5, 12: 5 pounds, 12 ounces. Elyse’s lowest weight on record after her birth.

6: Pounds Elyse was when she came home from the hospital. Also, the number of Level II ultrasounds that I had during the pregnancy.

6, 6: Or, 6 pounds, 6 ounces, otherwise known as Elyse’s birth weight.

10: Days Elyse spent in NICU. Also, the number of mg of Prednisone that I’m currently taking per day, as I’ve spent the last three weeks tapering off of the drug. Only three weeks or so to go and then I’m free!

12: Noon — the moment Elyse was born.

16: Weeks of IVIG treatments.

18: The number of months that it took me to mentally ready myself for another pregnancy.
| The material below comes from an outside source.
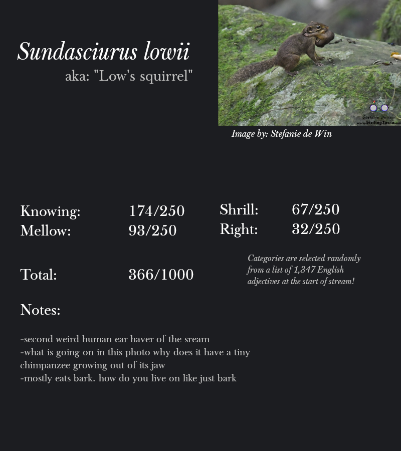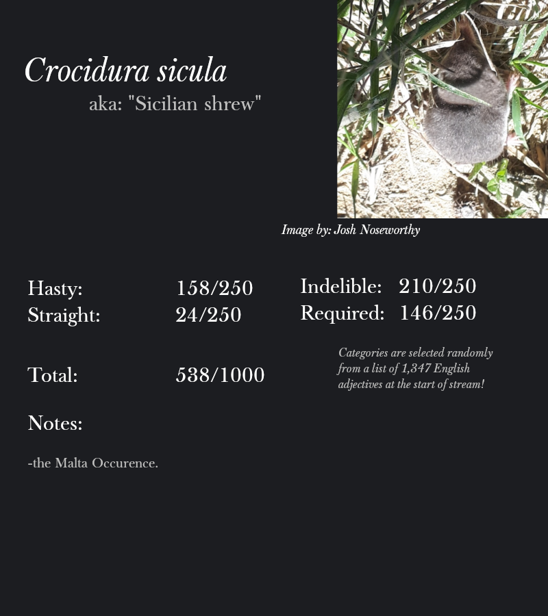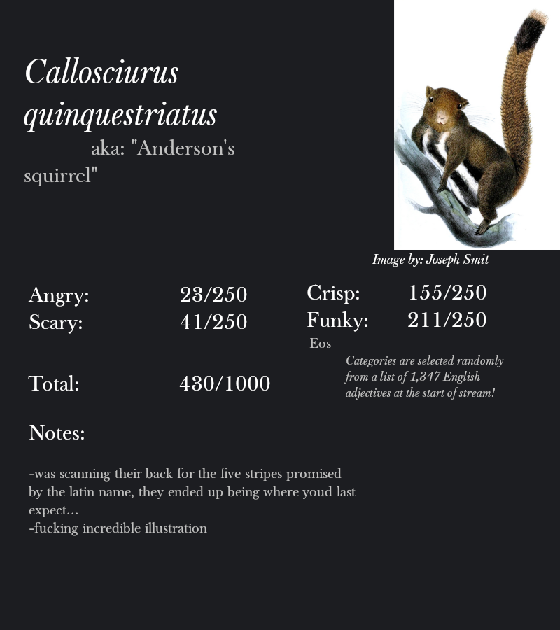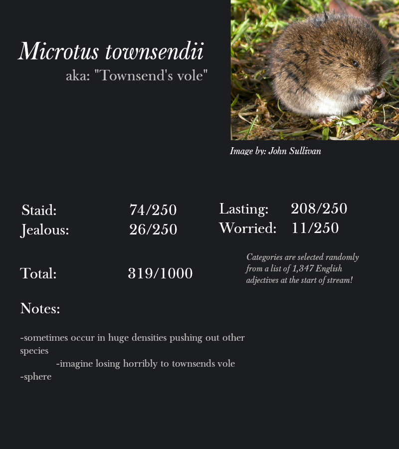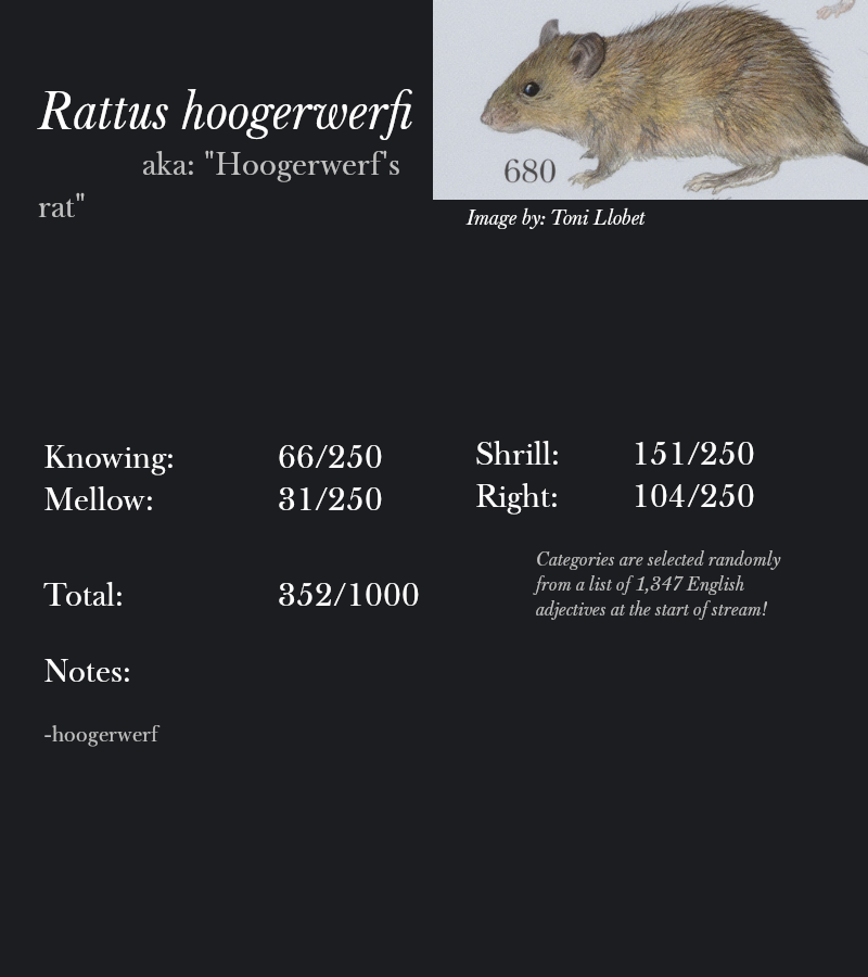 Categories are selected randomly from a list of 1,347 English adjectives at the start of stream! Shrill: 26/250 Right: 228/250 Image by: William Stephens Notes:

Also, the number of pounds I gained during this pregnancy. :0)

19.25: Inches Elyse was at birth.

20: Week that I started my IVIG treatments.

30: mg of Prednisone that I took for the last four weeks of my pregnancy to ensure that Elyse had as high a platelet count as possible.
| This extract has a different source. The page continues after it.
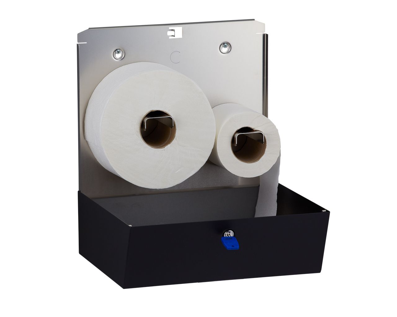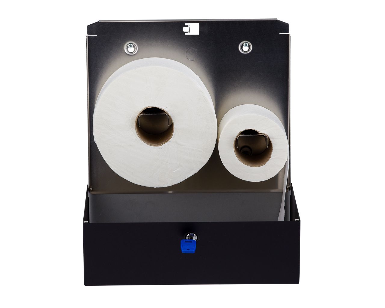 Pojemnik na papier toaletowy MERIDA STELLA DUO BLACK LINE z uchwytem na resztkę rolki papieruśrednica papieru do 20 cmczarny

33: The number of bags of IVIG fluid needed to ensure that this pregnancy is successful.

35: The week that I had to stop jogging, as my body decided it was time to take things easy. Plus, I found out this week that I was 1 cm dilated and 50% effaced, so I decided that mentally, it was time to stop any rigorous exercise. Instead, I rode the recumbent bike for 75 minutes per day, four days a week. I said I was going to slow down, not stop exercising altogether. I’m cautious, but also crazy. I blame my obsessive need to exercise during Elyse’s pregnancy on the fact that I felt like I had absolutely NO control over my body. Between the IVIG infusions, the Prednisone and the fact that I was carrying around another human, being able to control what I ate and what I did with my body physically was the only control I felt I had at the time.
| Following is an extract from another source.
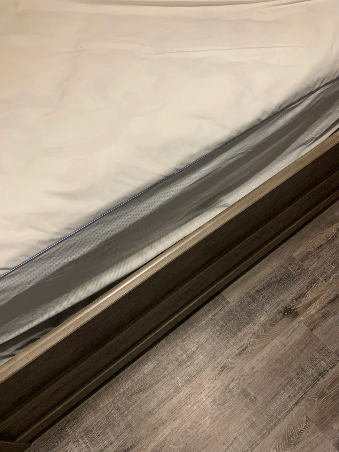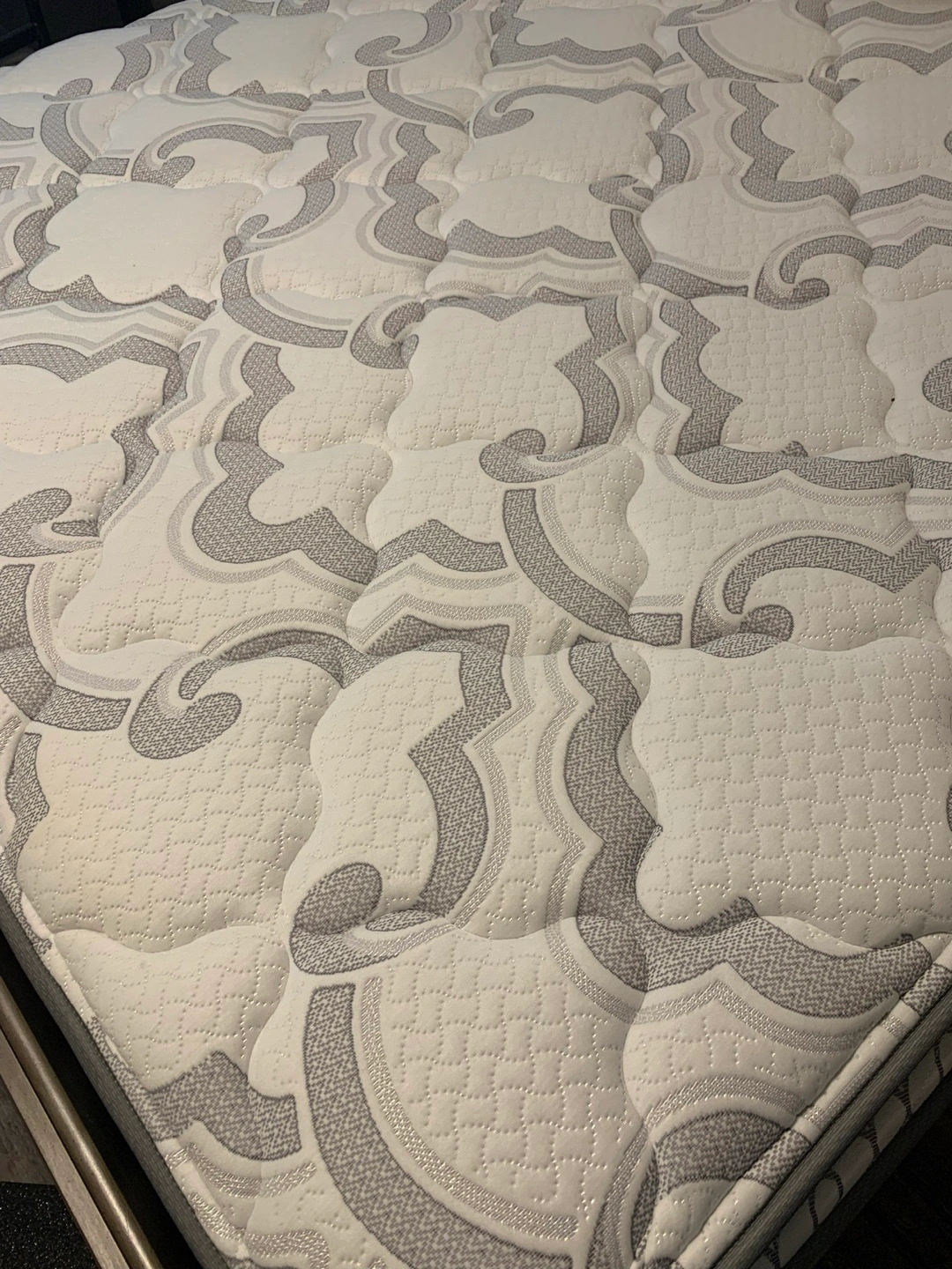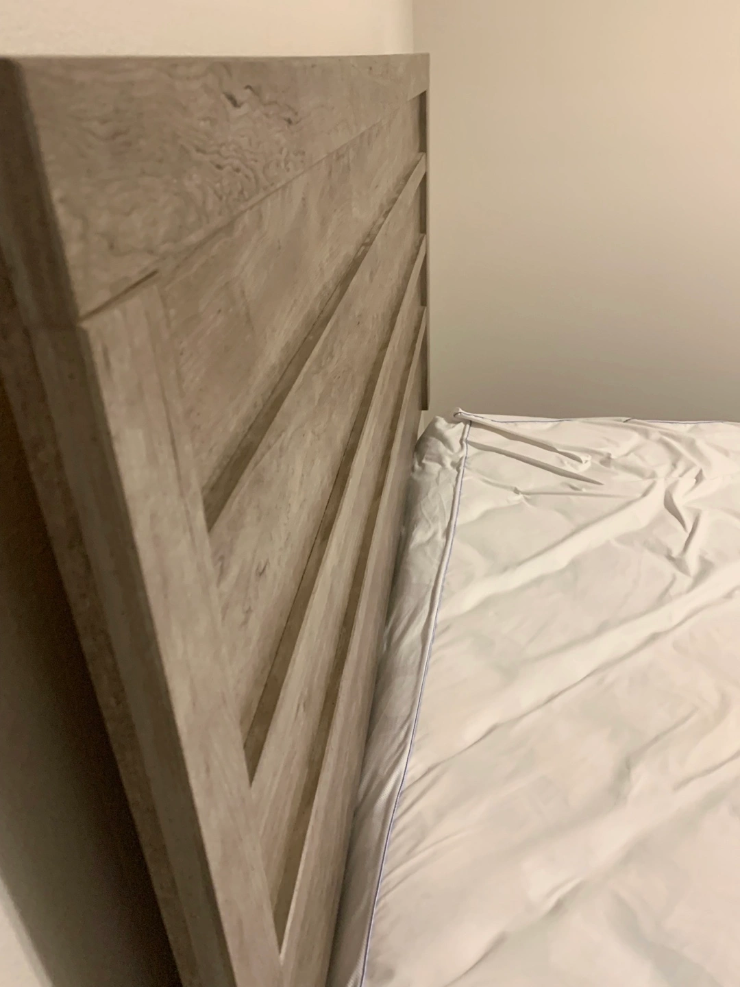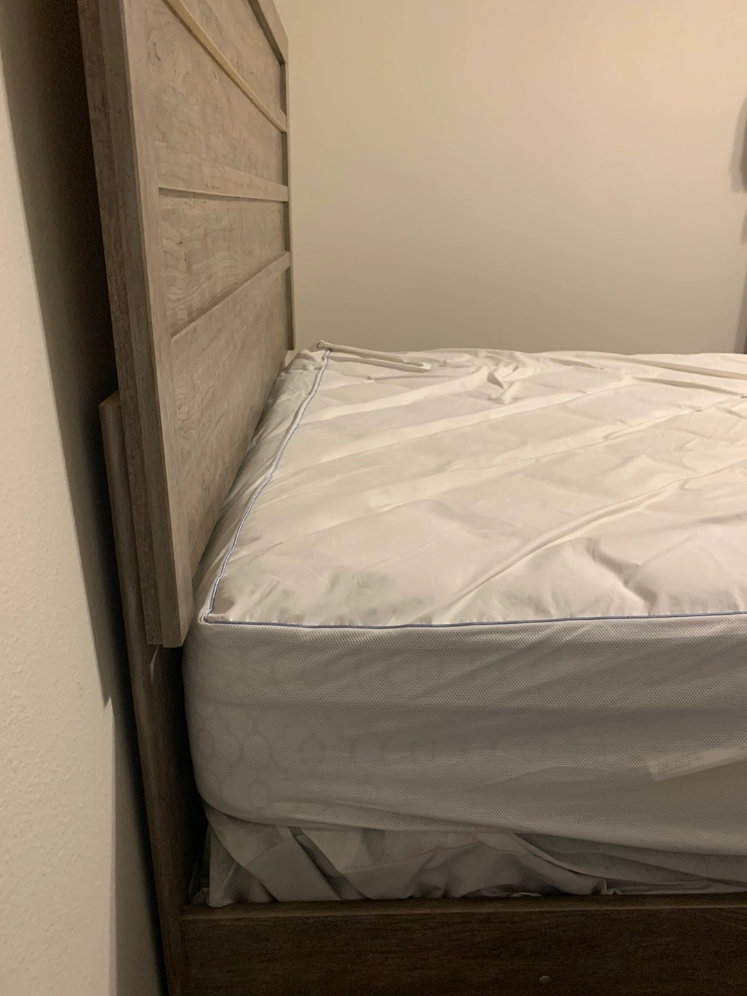 Queen size mattress and box spring set. Gray wood frame headboard and footboard (all one unit). Elegant gray and white patterned mattress cover. Used but in good condition.

36: Week that I had my c-section. I was actually 36 weeks, 4 days when I delivered Elyse.

60: gm of IVIG that I received per infusion.

120: gm per week of IVIG that I received each week.

170: Hours I spent hooked up to an IV bag since the end of October.

600: mL of fluid that was pumped into my body during each infusion.

Thousands and thousands: The number of donors that it takes to make up just one bag of IVIG fluid.

43,000: Dollars per week that my insurance company was billed  for my IVIG medication and at-home care. Multiply that by 16, the number of weeks I had IVIG infusions, and you get a very large number.

81,000: Elyse’s platelet count (taken from her heel) shortly after birth.

95,000: Elyse’s platelet count several hours after her birth.

102,000: Elyse’s platelet count (taken from the cord) shortly after birth.

113,000: Elyse’s platelet count the day after she was born.

335,000: Elyse’s platelet count 10 days after birth.

750,000-1,000,000: Dollars that it is estimated that this pregnancy cost my insurance company. I am determined to come up with a final tally for this one because if it is close to one million, I’m copying another NAIT mom’s idea and having a t-shirt made for Elyse to commemorate her Million Dollar Diva status. Corny, I know, but it truly boggles my mind  knowing that it cost so much money to save my baby’s life.

Infinite: The sheer amount of gratitude and thanks I have for everyone — our family, friends, my Nurse Jules, the doctors, the nurses, the ultrasound techs, and the countless unknown faces — that had a part in seeing this pregnancy to its happy conclusion.